The shift away from cloud-based LLMs to on-device ones is happening faster than many in the industry anticipated, according to a top tech analyst.

Chipmaking giants like TSMC and Nvidia said they expected on-device AI trends to pick up pace by 2026, but it seems DeepSeek’s explosive growth has significantly sped-up the transition, Ming-Chi Kuo said in a note on Monday.

DeepSeek has fueled a burgeoning interest in localized LLM deployment, as increasing data security concerns with cloud-based models push users to seek alternatives.

Various tools and hardware specifications have emerged to support this on-device trend, accommodating devices from low-end laptops to high-end PCs equipped with Nvidia GPUs.

While applications are currently limited to niche users, the trend suggests a potential paradigm shift that could gradually chip away at Nvidia’s dominance in cloud computing, according to Kuo.
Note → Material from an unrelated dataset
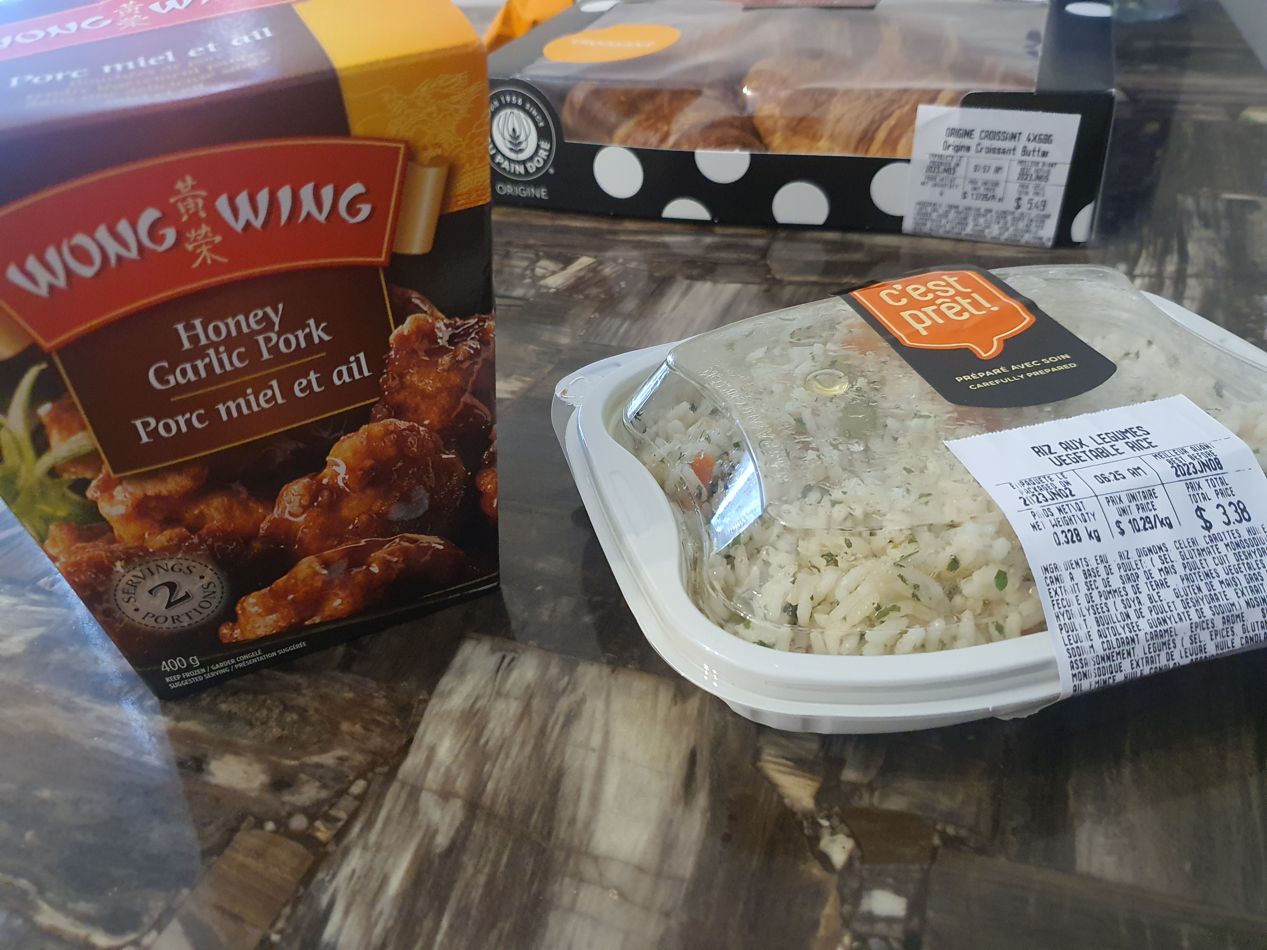 저녁은 IGA에서 compliments LEMONADE(2.79 CAD), riz aux legu(야채볶음밥,3.38 CAD), 허니갈릭포크(wong wing porc miel et ail, 8.49 CAD), 크로아상 한상자(4개, 5.49CAD)를 사왔습니다. TPS 0.14 CAD, TVQ 0.28 CAD 총 20.57 CAD를 체크카드로 결제했습니다. riz aux legu(야채볶음밥), 허니갈릭포크(wong wing porc miel et ail)는 2인분양이라서 후라이팬에 같이 조리를 하고 남은 건 5일 저녁에도 먹었습니다. compliments LEMONADE는 식사 때마다 한컵씩 마셨는데, 느끼함을 잡아주고 좋더군요.

Though Nvidia has intertwined DeepSeek’s potential with its offerings, the rise of on-device AI is creating fierce competition and cloud growth might slow, which could temporarily affect investor sentiment until further clarity emerges from advancements like Nvidia’s GB200 NVL72 mass production and its commercialization ventures in AI across sectors like robotics and autonomous driving, the analyst said.

Meanwhile, Taiwanese chip giant TSMC that supplies to the likes of Tesla and Apple, stands to gain as a key beneficiary from the on-device AI surge due to related processor upgrades.

Kuo notes that both on-cloud and on-device LLMs would continue to grow simultaneously as part of a comprehensive ecoystem but the question would be where the bigger growth segment lies.

This forecast by Kuo echoes sentiments by other industry experts, such as Ashwath Damodaran, who previously indicated skepticism about Nvidia’s continued AI market dominance following DeepSeek’s entry.

Meanwhile, there is also no dearth of cloud-based solutions to the concerns related to DeepSeek’s native app compromising privacy and posing geopolitical challenges.

Beside Nvidia, Aravind Srinivas’ Perplexity for example has integrated the open-sourced LLM into its service.